In the US one has to be accredited investor to buy stock in a private company.
However, does one still need to be accredited investor in case a public company goes private (i.e. get delisted from stock exchange) to retain already purchased shares?
In the US one has to be accredited investor to buy stock in a private company.
However, does one still need to be accredited investor in case a public company goes private (i.e. get delisted from stock exchange) to retain already purchased shares?
No, they cannot force you to sell simply because of your status. When companies go private though, they frequently invoke "drag along" clauses in shareholder agreements which may specify that in the event of such a sale, everyone must sell.
First, being delisted is not the same thing as going private. If a stock is delisted from its exchange, it can still trade publicly "over the counter" or on the "pink sheets", and you do not need to be accredited to hold such shares.
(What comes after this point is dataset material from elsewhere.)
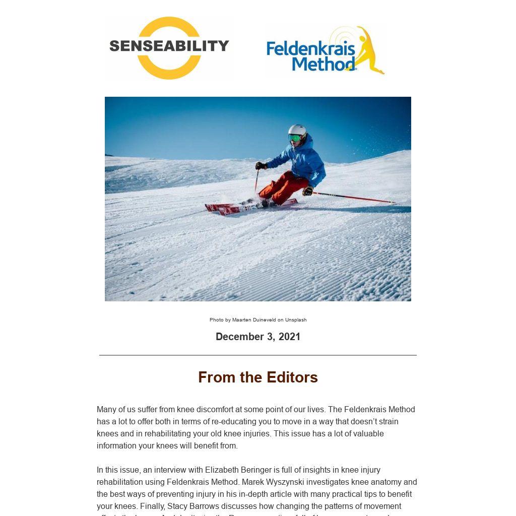Our knee joint is what's technically called a "modified hinge" that permits a large amount of bending and straightening but only a tiny amount of rotations when the knee is bent. Ideally, our joint surfaces remain parallel to each other. The knee joint is vulnerable to overuse and injury, especially when forced to move outside its intended range of motion. Particularly dangerous are side-to-side movements and twisting. Dr. Feldenkrais called such a side-to-side misalignment "gapping of a joint" where joint surfaces are compressed excessively on one side and separated on the other. Lateral gapping of the knee contributes to overstretching ligaments, muscular imbalances, tearing of menisci, damage of the cartilage, and excessive loading of one side of the joint - likely precursors of osteoarthritis.(...)

As TripeHound commented, "going private" normally requires buying all outstanding shares, and this can be done because a majority or supermajority vote of the shareholders can force everyone to sell. If not all shares are bought, that would be "acquiring a stake" rather than "going private", and the remaining shares would continue to trade publicly.
Once you own publicly traded shares, there is no normal process that would leave you owning non-publicly-traded shares.
A related question is here.
In the US one has to be accredited investor to buy stock in a private company.
That's not correct. The private company is only allowed to solicit investment from accredited investors. Non accredited investors are not barred from investing in companies and many many many many non-accredited folks are invested in other people's small businesses.